First, we can look at the corpus as a list of words, rather than a list of lines (by act and scene).
shak %>%
unnest_tokens(input = PlayerLine, output = word) %>%
group_by(Dataline)
Now, we can automate the process of counting how often each word occurs. But, of course, certain words are going to be extremely common (see Zipf’s Law), and those words are unlikely to be informative.
shak %>%
unnest_tokens(input = PlayerLine, output = word) %>%
count(word, sort = TRUE) %>%
group_by(word)
Once we’ve filtered out our stop-words, the most frequent words look quite different.
However, Shakespeare uses a lot of words that aren’t in our default stop-word list, so we can append our own custom list.
Here is a visualisation of how stop words affect the corpus.
Before we try to compare across plays, let’s see what the most common bigrams are overall (after being filtered by the custom stop words list).
If we choose a subset of words, we can look at how they are distributed across different plays. In this case, we can compare death, king, love, and sweet across six plays. Unsurprisingly, Romeo and Juliet uses the word love more than any other play, although Midsummer Night’s Dream is close. King is also much more common in plays about kings (surprise, surprise).
shak[,c(2,5,6)] %>%
as_tibble() %>%
unnest_tokens(tbl=., input = PlayerLine, output = word) %>%
filter(word=="love" | word =="king" | word=="death" | word=="sweet") %>%
#add_count(Player) %>%
group_by(Player,Play,word) %>%
summarise(n=n()) %>%
#anti_join(stop_words) %>%
filter( Play == "Hamlet" |
Play == "King Lear" |
Play == "A Midsummer nights dream" |
Play == "Othello" |
Play == "Henry V" |
Play == "Romeo and Juliet") %>%
arrange(desc(n)) %>%
ggplot(., aes(x=word,y=n)) +
geom_bar(aes(fill=word),stat="identity") +
# coord_flip() +
facet_wrap(~Play)
But there are more interesting words you could compare, certainly. These are just one example.

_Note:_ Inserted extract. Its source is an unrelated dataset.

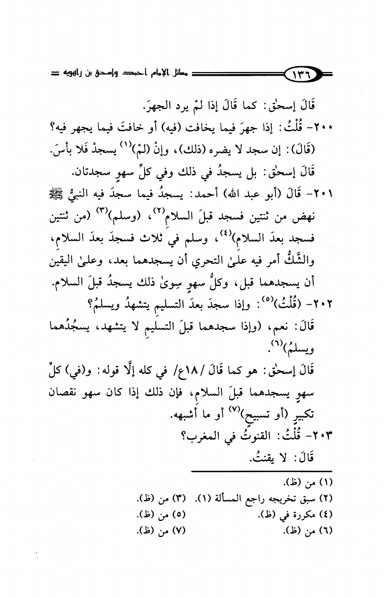 نام کتاب : مسائل الإمام أحمد بن حنبل وإسحاق ابن راهويه رواية إسحاق بن منصور الكوسج المروزي (ط. دار الهجرة) نویسنده : سحاق بن منصور الكوسج المروزي جلد : 1 صفحه : 136

It’s probably much more interesting to look at collocation than simple word frequency. After all, it gives more context. However, it also reduces the number of tokens substantially.

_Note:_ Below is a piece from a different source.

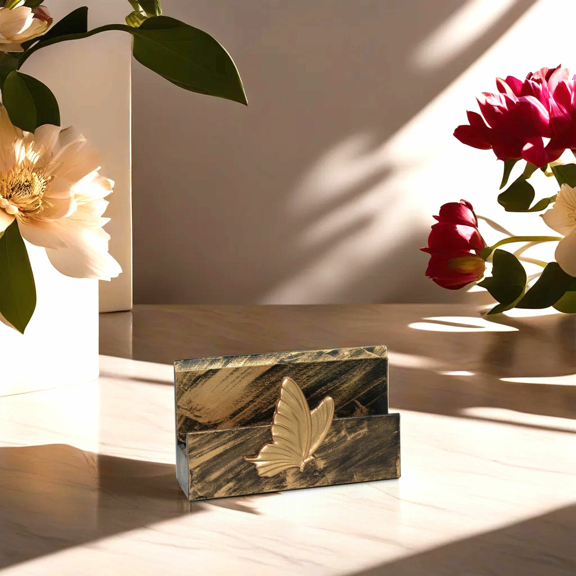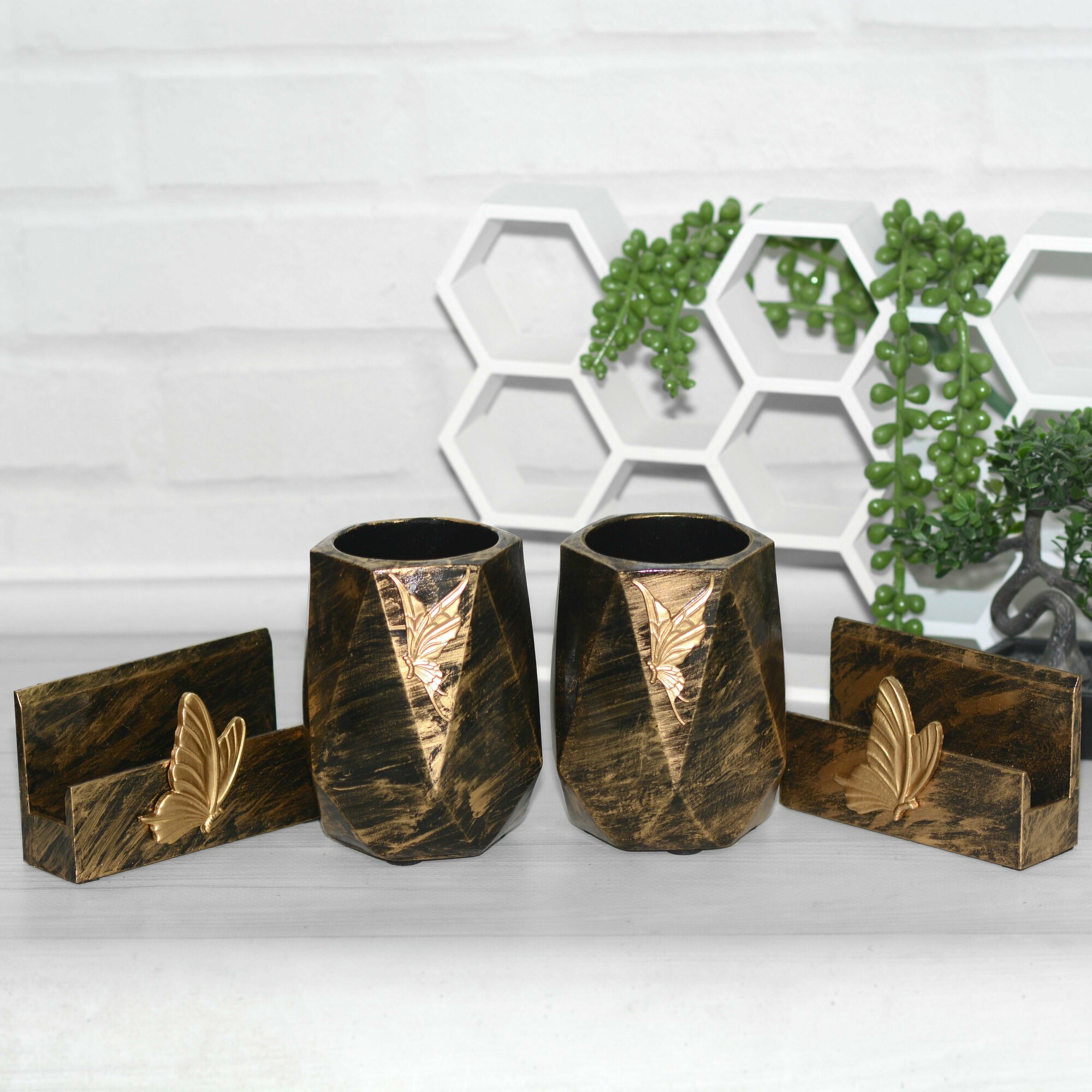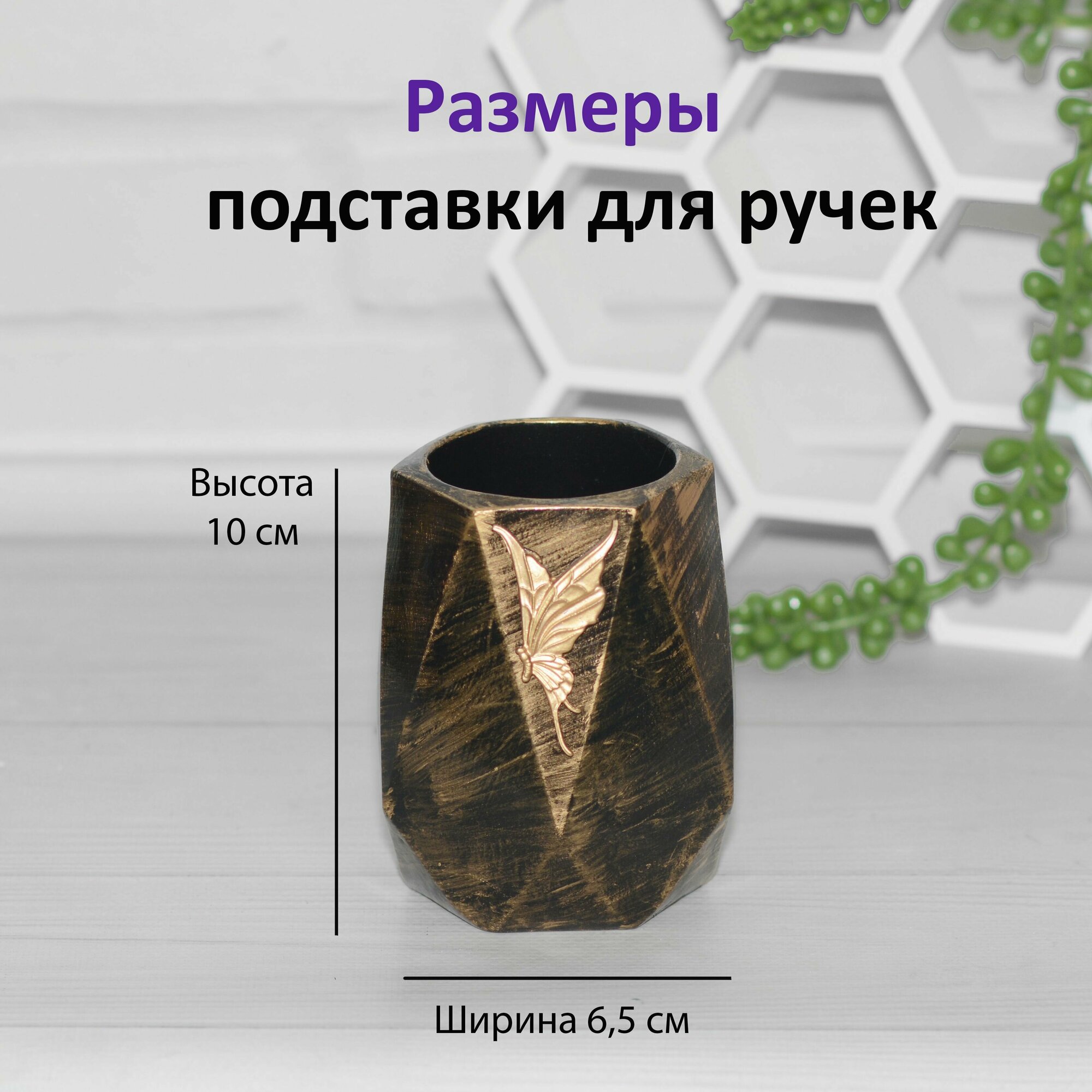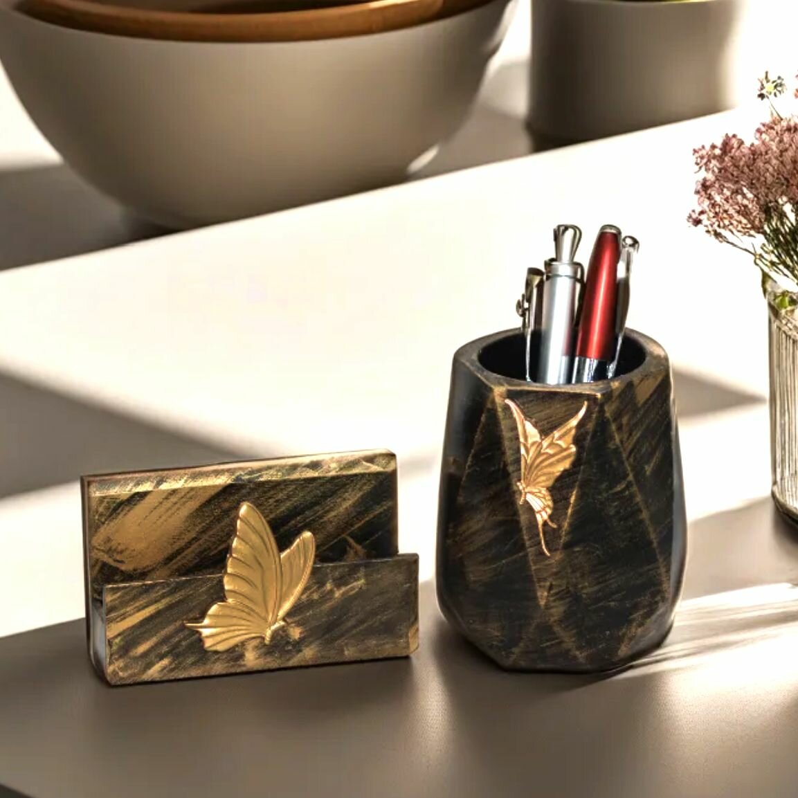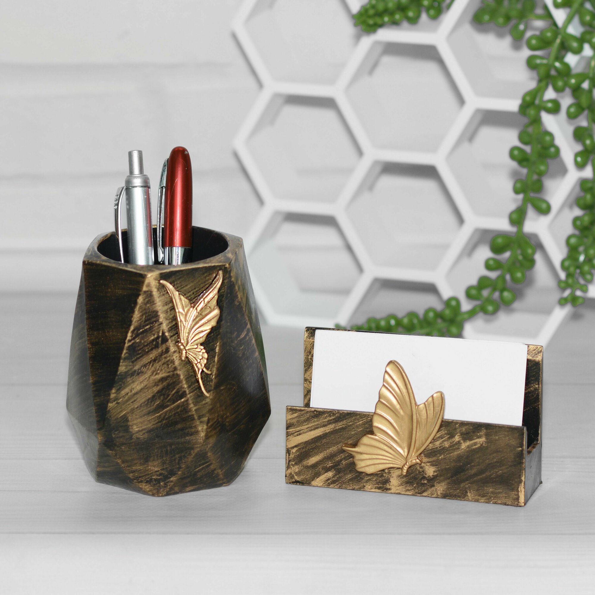 Купить Органайзер для канцелярии Бабочки: Подставка для ручек и визитница // Цвет Черное золото

Here, we can visualise three pairs of gendered noun phrases:
Masculine | Feminine |
---|---|
my lord | my lady |
my father | my mother |
my husband | my wife |
What kinds of information can we see in the graph?
I think the most exciting way to use n-grams is probably network graphs. These graphs show what words co-occur, and in what order. Moreover, they can encode a number of dimensions visually, which would be very difficult to calculate by hand or plot in a more standard quantitative method.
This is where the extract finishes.